Recorded information:
_ _ _ _

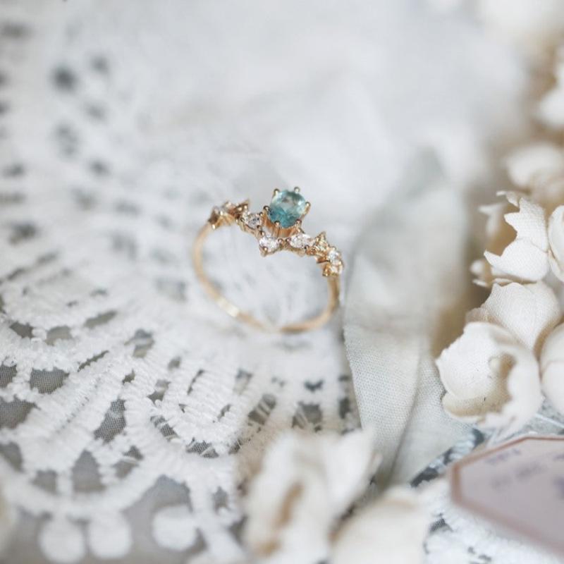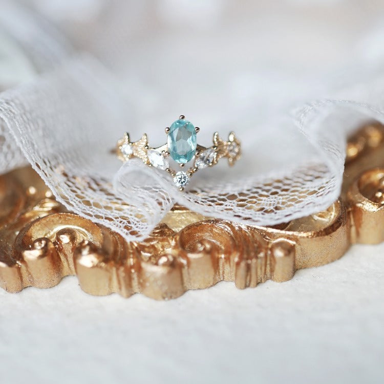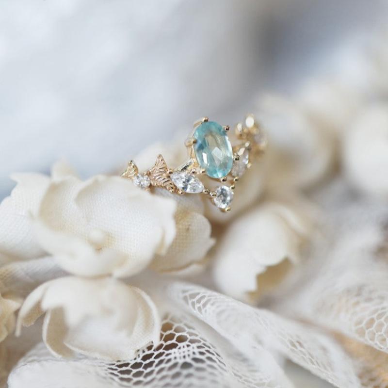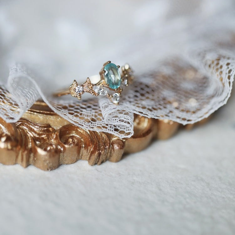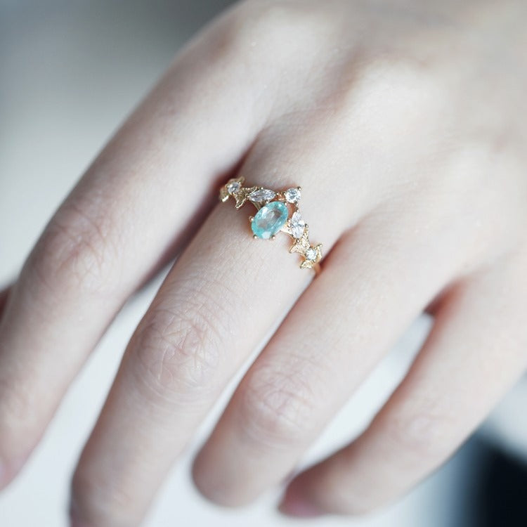 Discover the cosmic beauty of this Celestial Apatite and Diamond Ring. The oval-cut apatite, a gemstone known for its vibrant green color and connection to the third eye chakra, is beautifully surrounded by a constellation of shimmering diamonds. The intricate design, reminiscent of a starry night sky, adds a touch of magic and wonder to this piece.
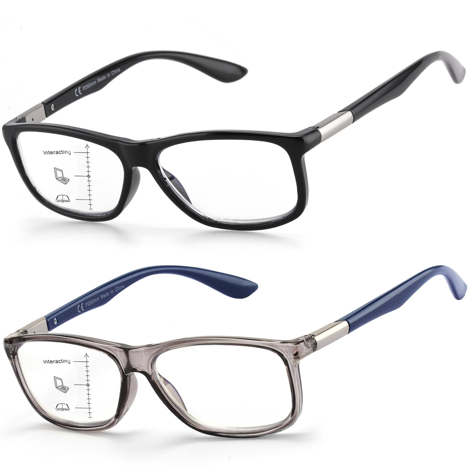 Missfive 2 Pack Classic Progressive Multifocus Reading Glasses for Men, Premium Lightweight TR90 Frame Eyeglasses, Unisex No-line Trifocal Readers for Near Range, Anti Blue Light/UV, 2.5X
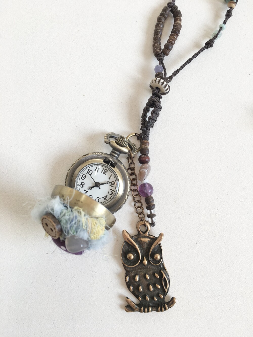 moonlit owl clock necklace
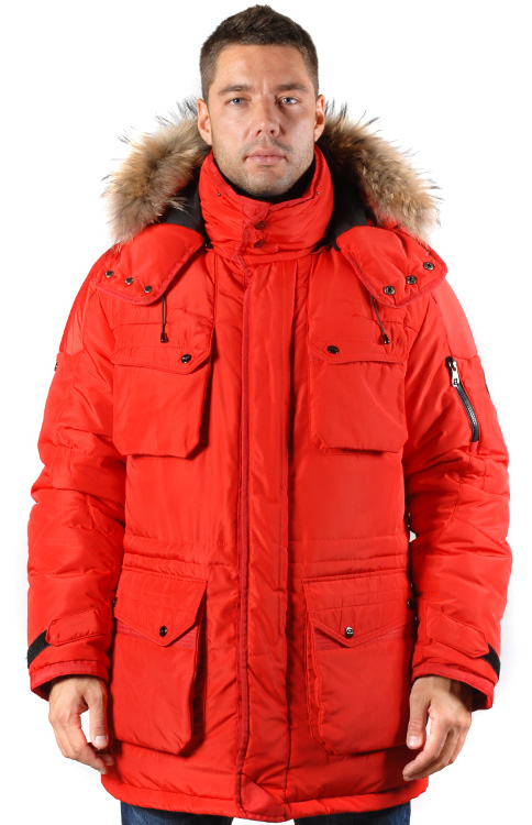 Пуховик мужской R-FL2, выполненный с обеих сторон из 100% полиэстера. В ассортименте имеются две расцветки: ярко красная и черная. В качестве утеплителя использовано 80% пуха и 20% пера. Капюшон украшен отделкой из натурального меха енота. Застежка скрыта под планкой. Имеется четыре накладных кармана на груди и по бокам, а также кармашек на молнии на левом рукаве.

_ _ _ _

What you are asked to do: Copy all of the material word for word, and include none of its pictures.

Answer for the task:
 Discover the cosmic beauty of this Celestial Apatite and Diamond Ring. The oval-cut apatite, a gemstone known for its vibrant green color and connection to the third eye chakra, is beautifully surrounded by a constellation of shimmering diamonds. The intricate design, reminiscent of a starry night sky, adds a touch of magic and wonder to this piece.
 Missfive 2 Pack Classic Progressive Multifocus Reading Glasses for Men, Premium Lightweight TR90 Frame Eyeglasses, Unisex No-line Trifocal Readers for Near Range, Anti Blue Light/UV, 2.5X
 moonlit owl clock necklace
 Пуховик мужской R-FL2, выполненный с обеих сторон из 100% полиэстера. В ассортименте имеются две расцветки: ярко красная и черная. В качестве утеплителя использовано 80% пуха и 20% пера. Капюшон украшен отделкой из натурального меха енота. Застежка скрыта под планкой. Имеется четыре накладных кармана на груди и по бокам, а также кармашек на молнии на левом рукаве.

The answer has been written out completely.